═══ The data

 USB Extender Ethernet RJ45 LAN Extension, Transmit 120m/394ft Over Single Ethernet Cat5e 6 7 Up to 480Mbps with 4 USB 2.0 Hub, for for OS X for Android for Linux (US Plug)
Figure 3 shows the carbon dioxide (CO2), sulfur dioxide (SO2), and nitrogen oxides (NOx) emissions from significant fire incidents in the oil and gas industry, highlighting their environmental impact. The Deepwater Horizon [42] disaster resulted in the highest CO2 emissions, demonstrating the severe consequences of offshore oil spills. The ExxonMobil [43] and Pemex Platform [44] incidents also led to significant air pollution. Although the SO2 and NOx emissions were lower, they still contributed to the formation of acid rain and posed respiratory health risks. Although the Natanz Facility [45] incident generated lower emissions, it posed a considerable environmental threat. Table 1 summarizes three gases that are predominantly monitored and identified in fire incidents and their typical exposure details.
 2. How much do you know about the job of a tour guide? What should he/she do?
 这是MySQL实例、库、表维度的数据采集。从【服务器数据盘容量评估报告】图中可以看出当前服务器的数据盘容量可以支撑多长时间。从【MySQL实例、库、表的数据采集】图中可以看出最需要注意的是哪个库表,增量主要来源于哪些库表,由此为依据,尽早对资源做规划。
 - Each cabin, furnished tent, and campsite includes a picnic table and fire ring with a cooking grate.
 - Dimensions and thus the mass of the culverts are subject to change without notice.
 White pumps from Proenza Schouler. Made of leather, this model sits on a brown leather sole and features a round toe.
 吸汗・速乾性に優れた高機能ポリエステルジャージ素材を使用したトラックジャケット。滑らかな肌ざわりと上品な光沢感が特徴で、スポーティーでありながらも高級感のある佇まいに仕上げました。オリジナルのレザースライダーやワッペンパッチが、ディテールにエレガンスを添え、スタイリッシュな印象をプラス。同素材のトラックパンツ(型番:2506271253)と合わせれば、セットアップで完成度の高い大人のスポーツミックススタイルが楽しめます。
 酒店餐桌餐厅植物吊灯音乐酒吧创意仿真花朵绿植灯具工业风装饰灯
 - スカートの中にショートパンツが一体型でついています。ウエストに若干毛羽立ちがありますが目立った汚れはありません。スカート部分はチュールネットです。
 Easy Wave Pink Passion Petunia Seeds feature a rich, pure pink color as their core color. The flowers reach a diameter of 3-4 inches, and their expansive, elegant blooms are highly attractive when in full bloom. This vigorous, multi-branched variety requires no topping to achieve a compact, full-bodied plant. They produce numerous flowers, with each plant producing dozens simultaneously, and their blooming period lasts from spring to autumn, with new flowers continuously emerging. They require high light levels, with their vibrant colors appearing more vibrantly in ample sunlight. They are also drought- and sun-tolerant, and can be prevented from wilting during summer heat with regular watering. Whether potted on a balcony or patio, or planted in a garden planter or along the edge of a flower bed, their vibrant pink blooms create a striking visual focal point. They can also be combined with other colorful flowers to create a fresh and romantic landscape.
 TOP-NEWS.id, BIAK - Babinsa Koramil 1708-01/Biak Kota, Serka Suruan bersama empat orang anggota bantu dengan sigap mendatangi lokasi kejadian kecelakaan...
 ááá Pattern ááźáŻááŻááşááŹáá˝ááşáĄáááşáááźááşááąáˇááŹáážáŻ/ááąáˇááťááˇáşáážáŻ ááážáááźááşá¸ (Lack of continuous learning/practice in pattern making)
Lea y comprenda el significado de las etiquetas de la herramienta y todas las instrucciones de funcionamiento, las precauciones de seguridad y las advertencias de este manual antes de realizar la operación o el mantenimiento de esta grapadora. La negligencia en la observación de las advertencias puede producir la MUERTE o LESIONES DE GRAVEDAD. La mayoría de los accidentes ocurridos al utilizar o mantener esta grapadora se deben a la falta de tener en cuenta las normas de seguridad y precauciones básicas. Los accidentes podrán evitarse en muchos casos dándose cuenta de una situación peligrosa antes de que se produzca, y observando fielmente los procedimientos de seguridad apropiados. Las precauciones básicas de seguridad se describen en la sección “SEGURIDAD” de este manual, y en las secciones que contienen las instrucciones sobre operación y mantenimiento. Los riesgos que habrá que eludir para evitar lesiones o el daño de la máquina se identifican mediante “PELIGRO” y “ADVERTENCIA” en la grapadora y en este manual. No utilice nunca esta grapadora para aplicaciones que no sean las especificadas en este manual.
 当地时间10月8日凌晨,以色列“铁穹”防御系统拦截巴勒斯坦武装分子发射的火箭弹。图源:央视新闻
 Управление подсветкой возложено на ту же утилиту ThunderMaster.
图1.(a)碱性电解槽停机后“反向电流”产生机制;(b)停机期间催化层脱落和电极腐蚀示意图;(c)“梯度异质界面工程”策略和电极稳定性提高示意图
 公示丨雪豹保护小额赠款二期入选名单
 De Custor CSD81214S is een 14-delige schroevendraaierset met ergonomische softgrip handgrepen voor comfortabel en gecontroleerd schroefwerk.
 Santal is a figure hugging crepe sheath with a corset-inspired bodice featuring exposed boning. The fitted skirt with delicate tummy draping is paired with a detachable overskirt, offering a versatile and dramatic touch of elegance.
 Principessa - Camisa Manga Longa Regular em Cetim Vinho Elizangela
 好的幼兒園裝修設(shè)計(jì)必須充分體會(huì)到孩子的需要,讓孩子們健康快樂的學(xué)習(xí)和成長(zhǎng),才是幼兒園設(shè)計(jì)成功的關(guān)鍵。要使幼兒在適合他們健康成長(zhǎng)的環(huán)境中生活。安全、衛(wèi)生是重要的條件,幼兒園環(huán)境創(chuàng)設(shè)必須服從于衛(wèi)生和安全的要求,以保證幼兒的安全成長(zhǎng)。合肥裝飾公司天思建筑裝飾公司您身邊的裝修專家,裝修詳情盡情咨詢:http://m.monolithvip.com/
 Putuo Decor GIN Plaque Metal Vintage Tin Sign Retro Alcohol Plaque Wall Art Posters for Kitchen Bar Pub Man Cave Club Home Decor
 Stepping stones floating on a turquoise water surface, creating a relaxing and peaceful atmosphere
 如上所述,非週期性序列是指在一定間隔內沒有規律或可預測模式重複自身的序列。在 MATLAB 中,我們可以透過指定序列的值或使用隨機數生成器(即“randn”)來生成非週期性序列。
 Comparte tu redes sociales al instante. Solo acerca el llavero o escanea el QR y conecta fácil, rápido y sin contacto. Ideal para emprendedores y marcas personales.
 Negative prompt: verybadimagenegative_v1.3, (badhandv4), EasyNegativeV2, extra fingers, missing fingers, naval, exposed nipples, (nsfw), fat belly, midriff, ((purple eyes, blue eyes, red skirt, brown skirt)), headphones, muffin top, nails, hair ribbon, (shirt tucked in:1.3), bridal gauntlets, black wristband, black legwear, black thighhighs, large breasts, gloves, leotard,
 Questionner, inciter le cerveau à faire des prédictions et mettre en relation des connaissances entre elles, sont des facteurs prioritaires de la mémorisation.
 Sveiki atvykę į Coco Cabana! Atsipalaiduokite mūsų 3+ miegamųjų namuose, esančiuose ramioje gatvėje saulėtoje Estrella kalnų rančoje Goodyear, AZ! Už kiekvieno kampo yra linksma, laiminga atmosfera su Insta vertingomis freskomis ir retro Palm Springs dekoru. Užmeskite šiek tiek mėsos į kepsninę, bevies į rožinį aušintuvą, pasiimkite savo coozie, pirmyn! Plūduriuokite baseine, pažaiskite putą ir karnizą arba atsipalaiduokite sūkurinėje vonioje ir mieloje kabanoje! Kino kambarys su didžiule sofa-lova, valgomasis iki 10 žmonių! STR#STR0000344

══════

> [What is expected] Please reproduce, exactly as they appear above, the lines from the line containing "Principessa - Camisa" up to and including the line containing "好的幼兒園裝修設(shè)計".

> [Reply]
 Principessa - Camisa Manga Longa Regular em Cetim Vinho Elizangela
 好的幼兒園裝修設(shè)計(jì)必須充分體會(huì)到孩子的需要,讓孩子們健康快樂的學(xué)習(xí)和成長(zhǎng),才是幼兒園設(shè)計(jì)成功的關(guān)鍵。要使幼兒在適合他們健康成長(zhǎng)的環(huán)境中生活。安全、衛(wèi)生是重要的條件,幼兒園環(huán)境創(chuàng)設(shè)必須服從于衛(wèi)生和安全的要求,以保證幼兒的安全成長(zhǎng)。合肥裝飾公司天思建筑裝飾公司您身邊的裝修專家,裝修詳情盡情咨詢:http://m.monolithvip.com/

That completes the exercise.